Iconic Berliner Dom photo, and proof positive that my mother was in Germany.
We stayed at a hotel right by Volkspark Friedrichshain, which provided just a few of many opportunities to look at statues of Greeks.
Like I said, statues of Greeks. And churches.
Obligatory Jewish shot! It's the Neue Synagoge on Oranienburger Strasse.

After walking around the touristy areas of Berlin for about 10 hours today, I can safely report that this is a pretty cool city, and I don't really need to know all that much about the place to make that observation. Berlin bills itself as a potent mixture of old and new worlds, an image that is reflected almost perfectly by the Reichstag and its totally out of place yet weirdly fitting glass dome, rather questionably by the Chancellor's office and its ultra-modern-facade-but-with-Roman-columns architecture, and all too temporarily by the giant stage currently adorning the western face of the Brandenburger Tor (there was a major party—which I'm pretty sure was the culmination of a gay pride parade—in the Tiergarten today, with the focal point being a live performance from a band comprised of the German equivalents of Meredith Brooks and the flute player from Jethro Tull).

So this happened.
Not really sure what's going on here, but that lady totally has a beard.
 I wish I could say something meaningful about the people in Berlin, but the reality is that the only person we really met today was a rather odd math teacher from New York who likes to spend his summers in Germany. We did pass a lot of dudes in drag (again, gay pride parade, so maybe that's not an everyday thing), a lot of people who were making giant soap bubbles in major tourist centers, a good number of Spanish soccer fans (and about four French fans—the two countries played a Euro Cup game today and Spain won, of course), and one mime.

Mime: the perfect profession for an out-of-work Berliner with three years of Alexander technique experience. 
Seriously, I have no idea what the deal is with the bubbles, but we saw at least three of these bubble-making stations while walking around Berlin Mitte.
From a very superficial perspective, I can say that Berlin has a lot to offer—just look at the pictures, there's some pretty cool stuff here. But one thing I didn't expect to see (and I'm sorry for going in a more somber direction here) was people drinking beers on the Holocaust Memorial.

You see, Germany is not Poland. Everyone in this country is hyper-conscious of Nazism, and German public life is swathed in heavy layers of political correctness. So while it's not entirely surprising to see Polish schoolkids enjoying themselves at a field trip to Auschwitz (not too unlike American kids running around Little Bighorn), I expected Berliners to be much more sensitive about their city's World War II memorials.

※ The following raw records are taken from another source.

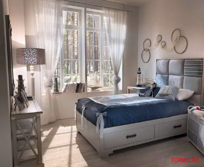 Кровать без изножья с выдвижными ящиками выполнена в классическом кантри.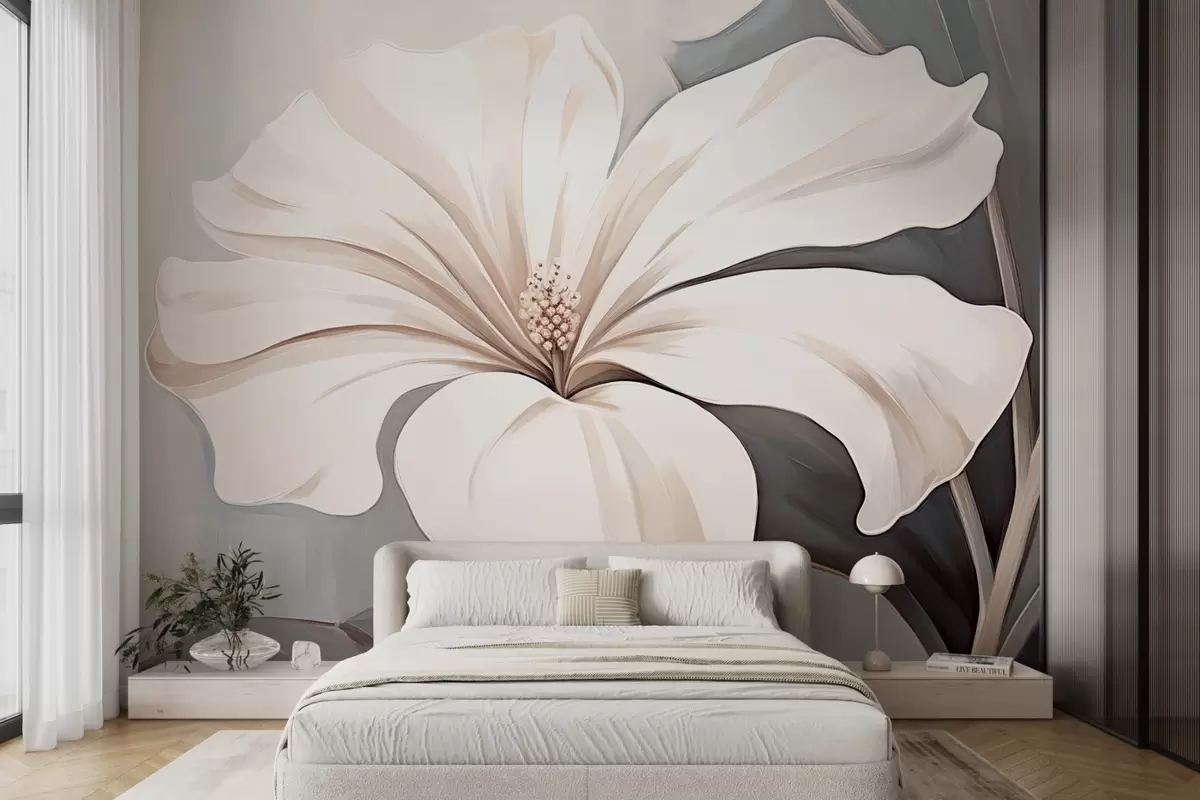 Fotomurales Gran flor blanca con pétalos sobre fondo azul grisáceo Nr. w09033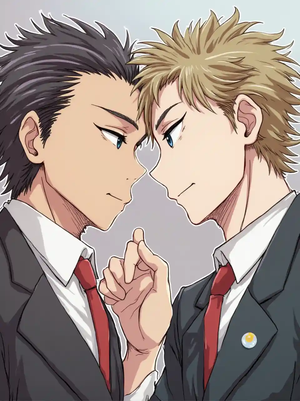 BellaKırmızı kravatlı adam parmağıyla diğer adamın burnunu vur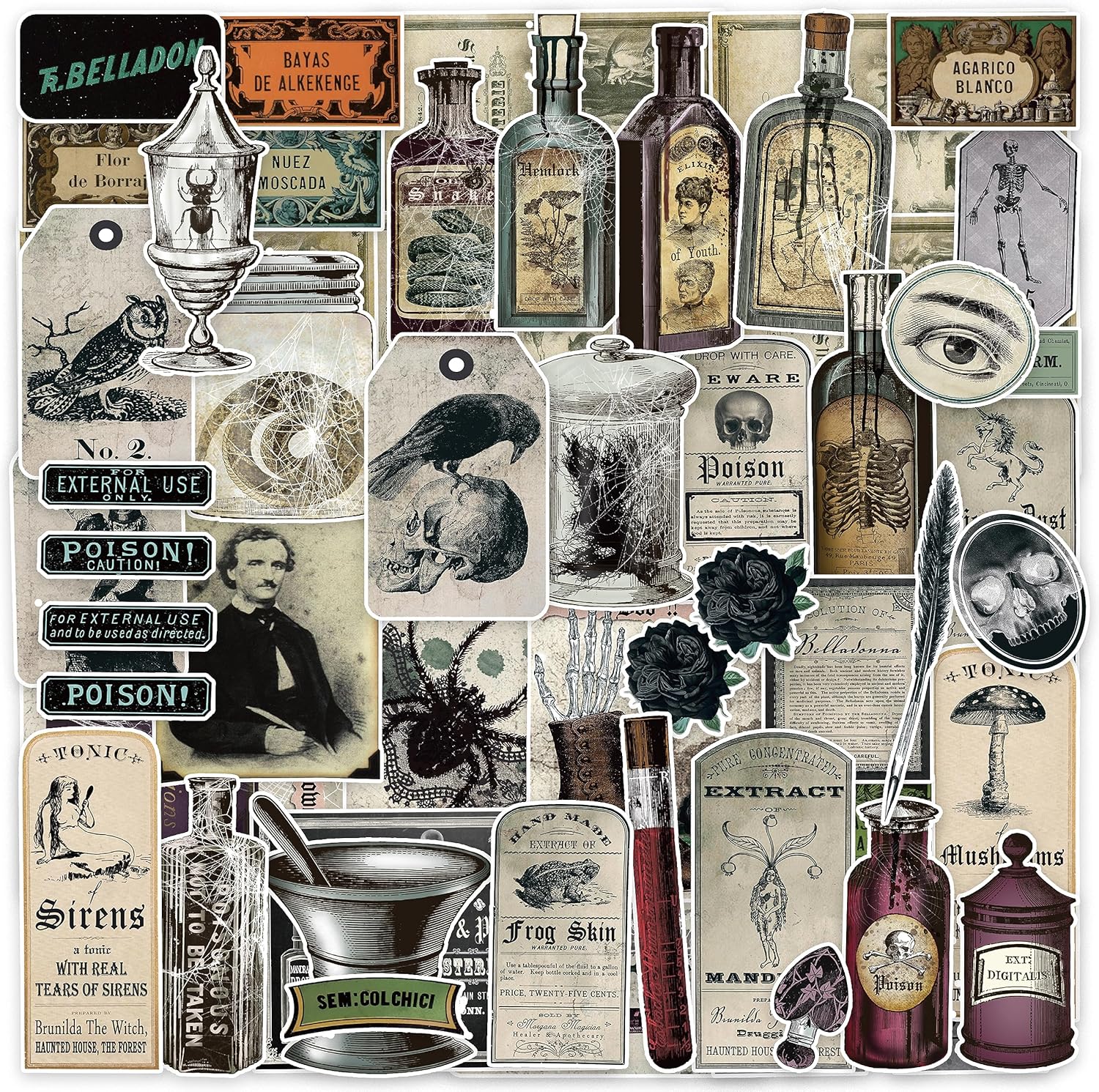 - 2.Diverse Designs: vintage and creepy Halloween theme sticker pack showcasing scary and mysterious elements,such as bottles of snake wine,skeleton and crow,owl,spiders,skeletons,poisons and potion labels tags.Perfect for making dark aesthetic scrapbooks or Halloween decoration.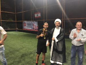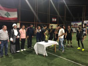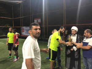 في نهاية المباريات وزعت المداليات على اللاعبين والفرق الفائزة في المركزين الاول والثاني وتسلم كأس الدورة كابتن فريق الاتحاد حيث قدمه له الشيخ علي صعب العاملي والسيد هاشم حسين والشباب المنظم للدورة بحضور وفدٍ من الجالية تمثل بالسيدين محمد فرشوخ وكمال شاهين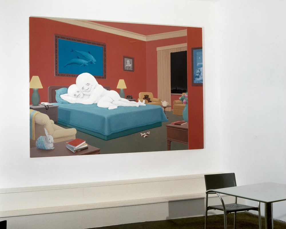 Vue de l’exposition « En dehors des cartes – Ut ur kortinu », Crac Languedoc-Roussillon, Sète, 2000. Hallgrimur Helgasson, « Love & Love - The good bedroom », 1999, acrylique sur toile, 284 x 200 cm. Photo : François Lagarde.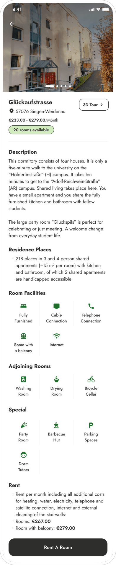 Studierendenwerk Siegen managed all dormitory operations - room applications, maintenance requests, community communications, entirely through email and office visits. I led the end-to-end research and design of a mobile app and admin system to replace this with self-service digital workflows. Through research with 52 students across multiple dormitories, I identified a single root cause underlying every frustration, and designed a solution around it.

The thing is, it's very difficult to be mad at people for using Berlin's Holocaust Memorial as a glorified series of park benches. Without any context, it's hard to tell that the stellae make up anything more than a cute art installation—the signage is intentionally kept to a minimum, and the giant concrete blocks are nondescript enough to leave any uninformed passersby with no knowledge that they are entering a serious site. What's more, I can see the appeal of sitting down amid a forest of concrete after walking through the nearby Tiergarten or, if you're a kid, trying to jump from one giant block to the next—this is the first thing I would have thought of doing had I not known I was entering a Holocaust Memorial beforehand.

I mean, in all reality, if this wasn't a Holocaust Memorial I can't think of a better public place to sit around and have a few beers in Berlin.
Ultimately, it's not really such a bad thing that Berliners aren't entirely somber when they walk by their city's Holocaust Memorial. There's a serious attachment to the past in Germany, and the capital is filled with plenty of not-so-gentle reminders—a plethora of war memorials, still-standing chunks of the old Berlin wall, and more museums (many of which deal with the more troubling aspects of Berlin's past) than you can shake a stick at. So in some sense, it's kind of nice to see Germans taking ownership of a very dark stage of their past by repurposing a guilt-ridden memorial for the most German past-time of all—drinking beer.